How to Add Control Variables in SmartPLS3? (See Description)
Based on Research With Fawad's video on YouTube. If you like this content, support the original creators by watching, liking and subscribing to their content.
Add control variables in SmartPLS3 as latent variables, then run bootstrapping to test their significance.
Briefing
Adding control variables in SmartPLS3 can change whether demographic predictors look statistically significant—and that shift matters because it reveals potential confounding. In this walkthrough, gender and age are introduced as control variables to test whether they distort the relationships among the model’s endogenous constructs, specifically OC and CC (collaborative culture). Gender is treated as a categorical variable with two categories (male, female), so it’s entered directly as a latent variable without creating dummy variables. Age is treated as a continuous variable, also added as a latent variable, then the model is bootstrapped to assess significance.
With gender and age included, the results show no effect from gender, while age produces a significant effect. To understand whether age is acting as a confounder, the analysis is repeated without any control variables. The comparison is done using R-square values and the significance of the paths. When controls are removed, the R-square for OC drops slightly (from 0.495 with controls to 0.482 without), indicating that age contributes explanatory power. More importantly, age’s significance persists: age remains influential even when it is not included as a control variable. That persistence suggests age is not merely a nuisance variable—it genuinely affects the endogenous outcome, so it carries confounding influence.
The walkthrough then compares how the model’s key statistics behave when controls are added versus removed. Even when the beta coefficients and overall relationships remain broadly similar, the p-values can change. The takeaway is nuanced: significance levels may shift with or without controls, but the substantive effect of age on the endogenous construct remains. In other words, adding age as a control variable alters statistical signaling more than it alters the underlying direction of relationships.
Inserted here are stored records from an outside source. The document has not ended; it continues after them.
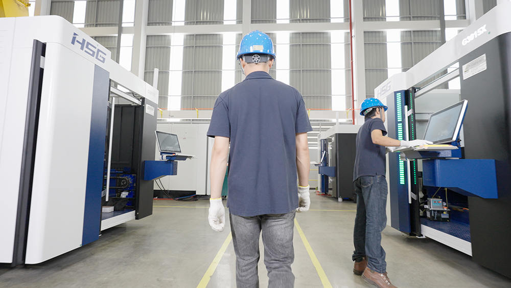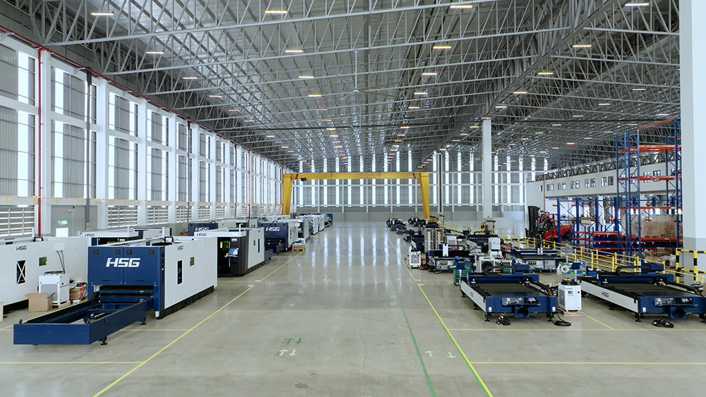 生產(chǎn)區(qū)布局40個(gè)生產(chǎn)工位,滿足40臺(tái)高端切割機(jī)同時(shí)生產(chǎn),工廠年產(chǎn)能2000臺(tái)激光加工智能裝備,目前主要生產(chǎn)宏山高端板材切割機(jī),如C系列單平臺(tái)激光切割機(jī),GX系列雙平臺(tái)激光切割機(jī)和GH系列高功率激光切割機(jī),未來將不斷結(jié)合全球市場(chǎng)需求,研發(fā)制造更多機(jī)型。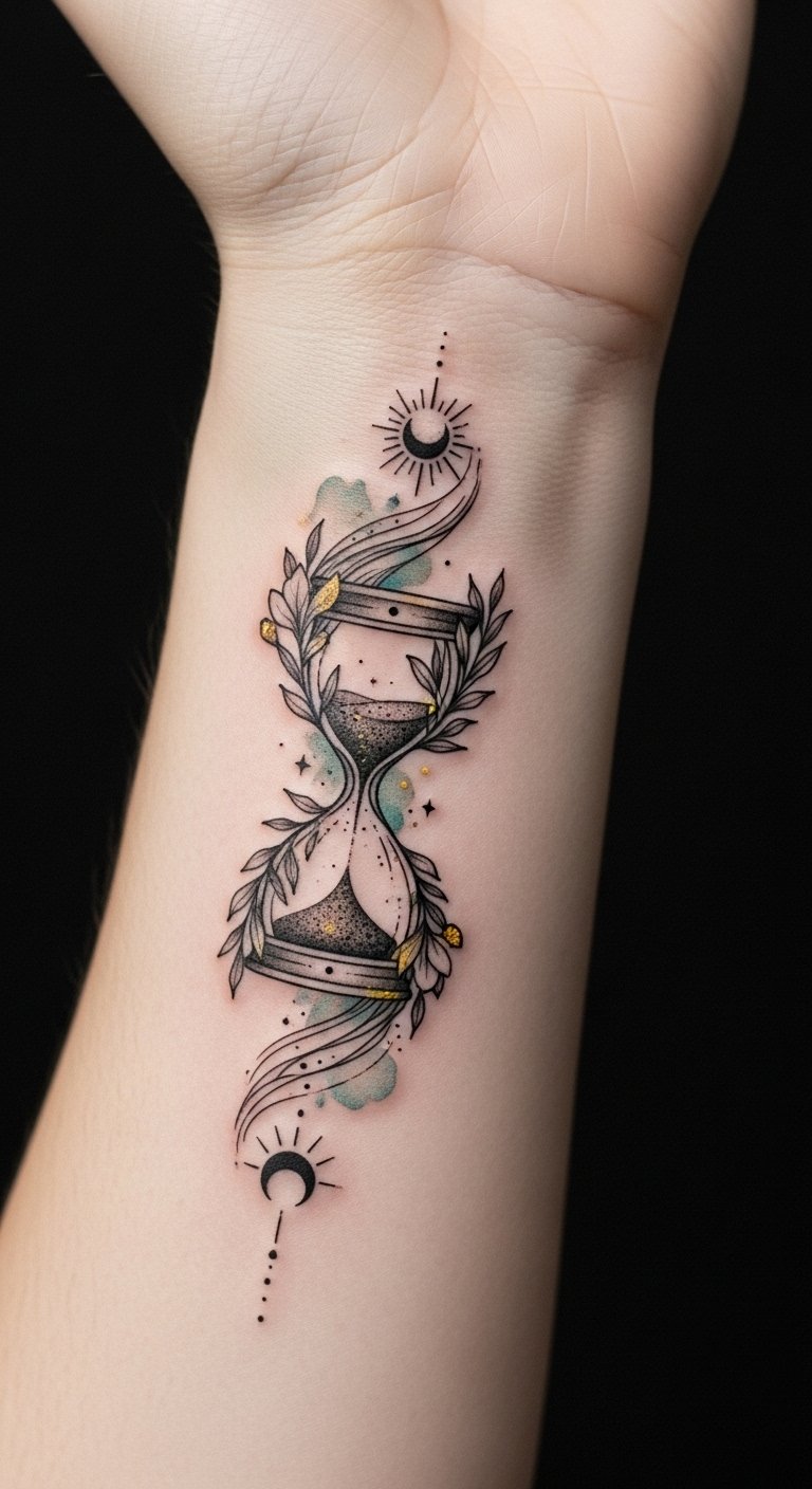 The hourglass symbolizes time and the concern for a tattoo’s longevity, while the ink transforming into plants represents growth and the life a design can carry. Sun and moon motifs indicate the cycle of day and night—permanence amid change—and the watercolor fades evoke both aging and gentle maintenance. Emotionally the piece balances nostalgia and reassurance: it acknowledges worry about fading but celebrates the ability to preserve meaning through care. Inner forearm placement keeps the design visible for daily reminders yet allows easy protection during healing and touch-ups.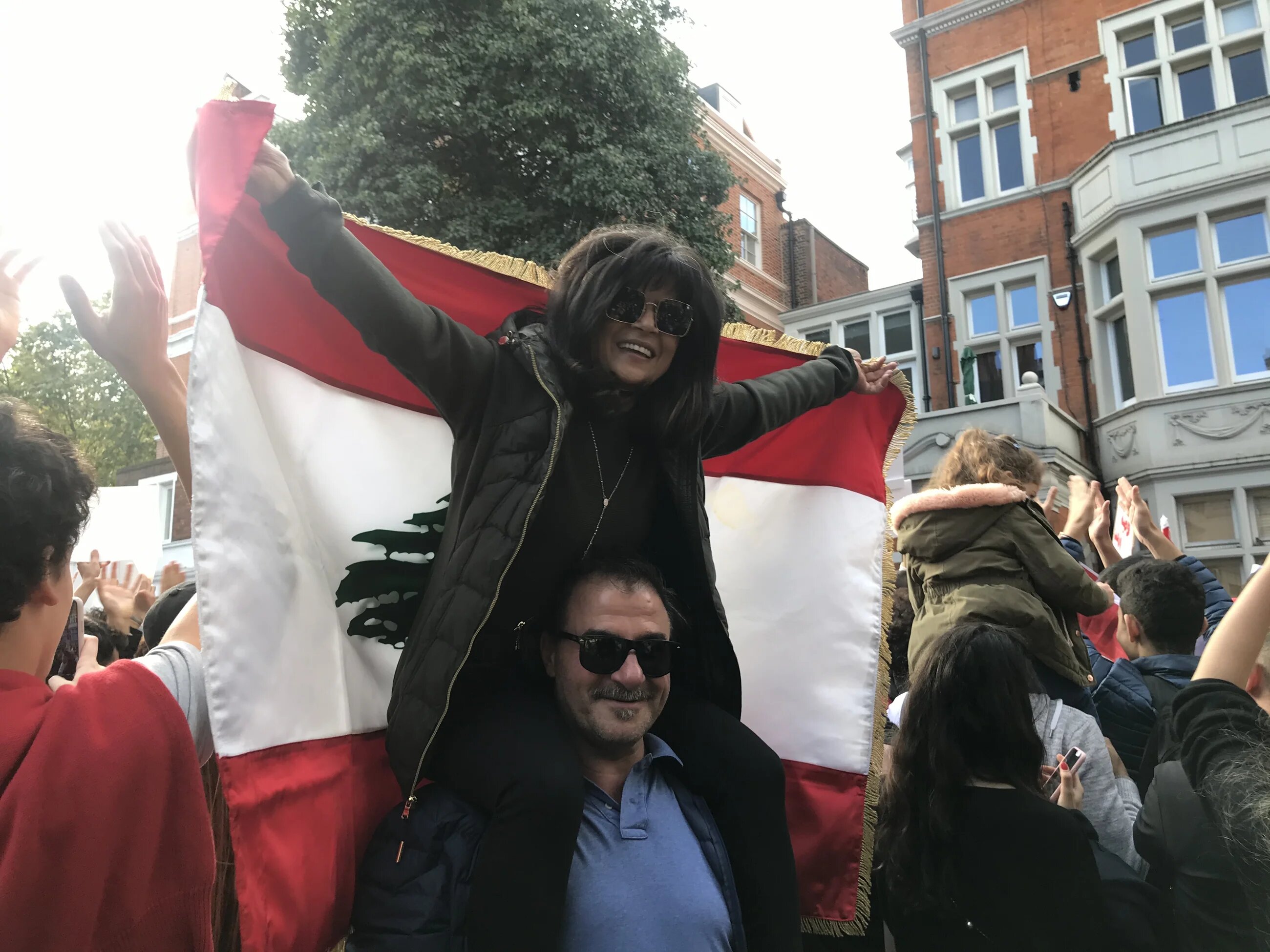 At least 1,300 people massed outside the Lebanese embassy in London's Kensington on Saturday, expressing the anger, frustration and unity that have been seen across Lebanon, where protests entered their third day.

Finally, the tutorial addresses a common complication: control variables with more than two categories. Using job rank as the example, it explains that SmartPLS requires dummy-variable coding for multi-category categorical predictors. For job rank with three levels—Junior, Middle, and Senior—three dummy indicators are conceptually created, but only two are actually added to the model so one category serves as the reference group (Junior). Middle is coded as 1 for Middle employees and 0 otherwise; Senior is coded as 1 for Senior employees and 0 otherwise. After bootstrapping with these dummy controls included, the results show no significant impact from Middle or Senior job rank on the endogenous variables. That means job rank does not produce a confounding effect, so there’s no strong statistical reason to keep it as a control.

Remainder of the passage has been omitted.